Whilst this research, Capel et al. (2016) described a similar approach in identifying genes involved in colonization of epithelial and endothelial cells. Using a mariner based transposon mutagenesis, they assessed the gene fitness during growth and colonisation using a microfluidic flow device with a 99.99% genome saturation library. A total of 288 genes and 33 intergenic regions containing small noncoding RNA candidates were found to be important in cell colonization. Genes involved in type IV pili biogenesis as well carbohydrate and amino acid metabolism were among the genes shown to be important.

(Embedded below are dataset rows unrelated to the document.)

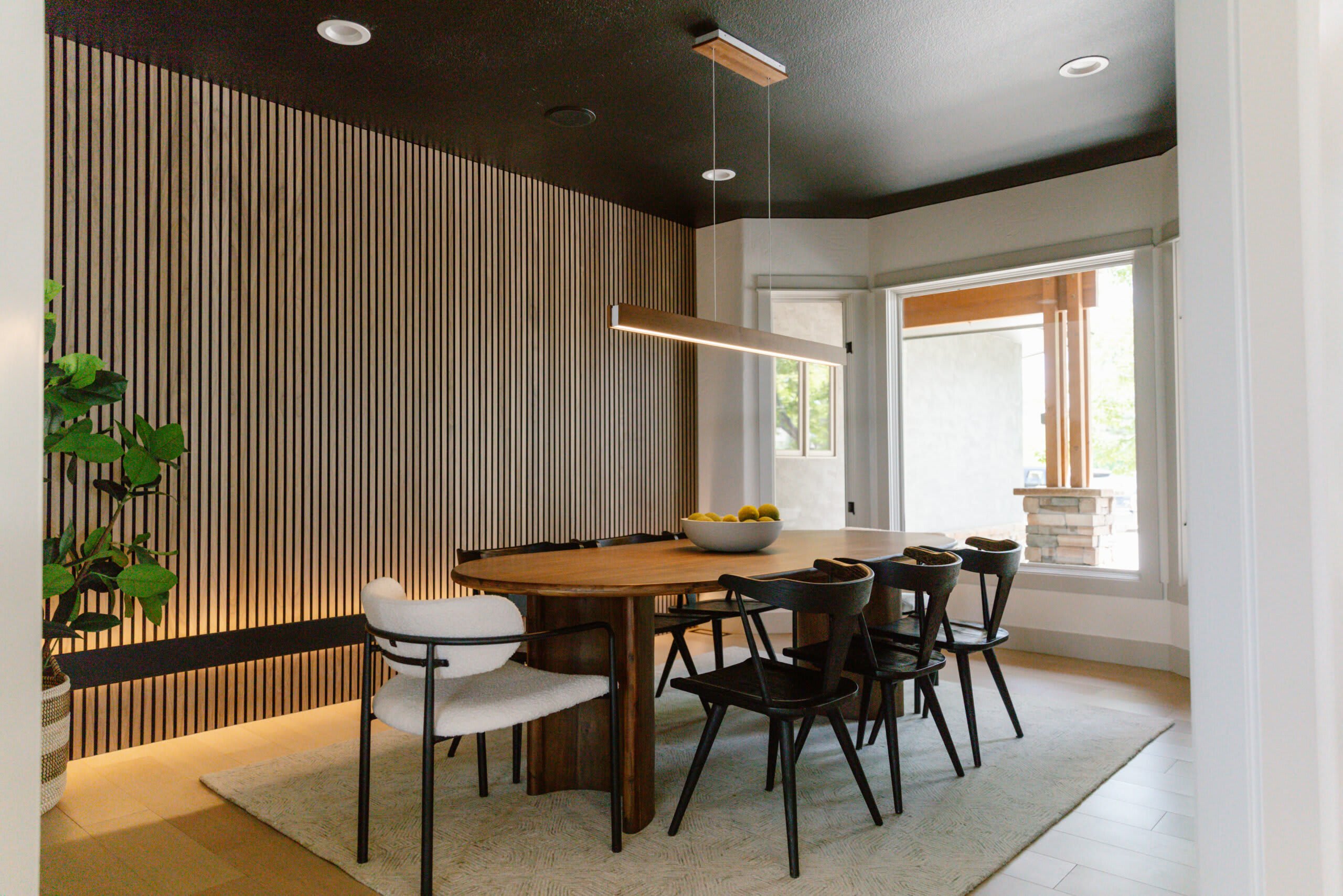In the adjacent dining room, the simple act of painting the ceiling a rich black (Iron Ore by Benjamin Moore), creates a cozy, cocoon-like feel. For the walnut wood slat wall, the wall behind was also painted black before installing, further enhancing the visual depth of the room. At the lower sixth of the wall, a horizontal black beam creates an exaggerated break in the slats and allows for a diffused lighting effect, glowing above and below the crossbeam.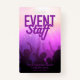 Da a tu equipo de eventos una imagen pulida y profesional con esta insignia de personal de eventos morado. Con una silueta de multitud animada, un efecto luminoso brillante y una tipografía violeta audaz, esta insignia es ideal para conciertos, espectáculos en vivo, fiestas y festivales. Personalizar con el nombre de su organización y la fecha del evento para una fácil identificación y una coordinación elegante. Ideal para los voluntarios, la seguridad o los equipos de producción que trabajan en el frente o detrás del escenario.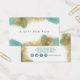 Tarjeta De Regalo De Tinta Líquida De Arte Moderno verde azulado Y Oro. Elegante diseño profesional de escritura caligráfica con letras de tinta de mano con alcohol. Perfecto para maquilladores, peluqueros, cosmetólogos y más!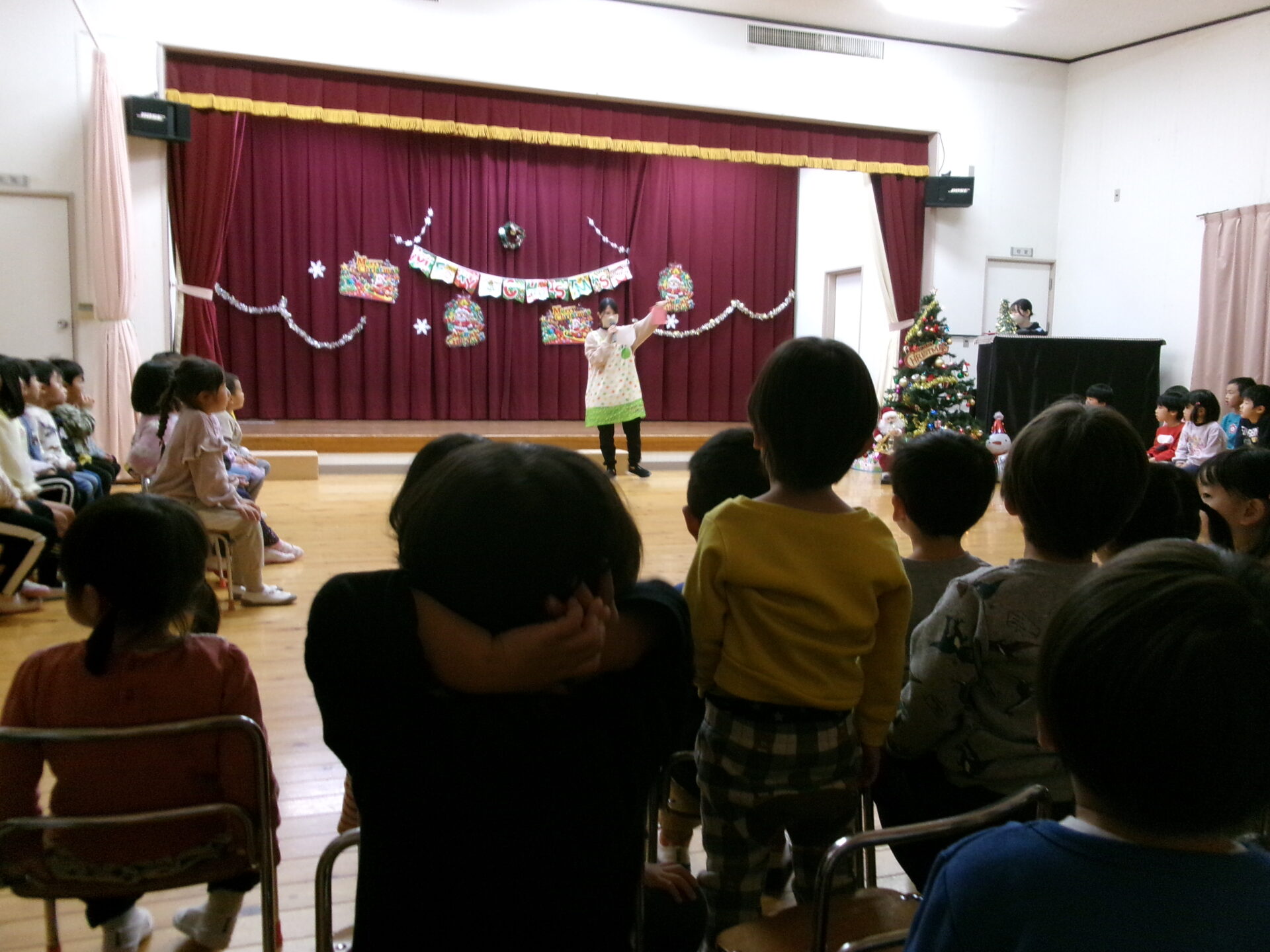 誕生会の為、遊戯室に入るとキラキラの飾りが目に入り、もうクリスマス会一色に飾られた部屋の雰囲気にのまれました。でも、今月生まれのお友達への『お祝いの歌』は、声も大きく手拍子も元気一杯に響いていました。誕生児5人の誕生日をお祝いしました。「おめでとう💛」今日は、サンタさんからもお祝いのプレゼントをもらって嬉しい日です。

This study uses the transposon library created by Mendum et al. (2011) and the work involved in its construction and the results obtained will be described. These authors
28
constructed a relatively large meningococcal transposon library, of approximately 14,500 mutants based on Tn5 insertions in N. meningitidis strain L91543. The fitness effects of the genes were assessed using transposon site hybridization (TraSH) when grown in complete media, minimal media (to identify metabolic requirements) and complement inactivated serum (to determine growth requirements in serum). The transposon data was used to interrogate a genome-scale metabolic model that the group had constructed, Nmb_iTM560. Twenty six percent of the genome, i.e. 585 genes was identified as essential when grown in Columbia blood agar with 6% defibrinated horse blood, the complete media. These genes were mostly associated with transcription, protein synthesis, protein export and modification, DNA replication, fatty acid biosynthesis and cell wall biosynthesis (Mendum et al., 2011). In addition, a few metabolic pathways were also predicted to be essential for growth in serum, including genes associated with synthesis of aromatic amino acid, purines, folic acid and panthothenate as well as genes required for iron acquisition. In addition, the essentiality screen also identified amino acid transporters and lactate permease.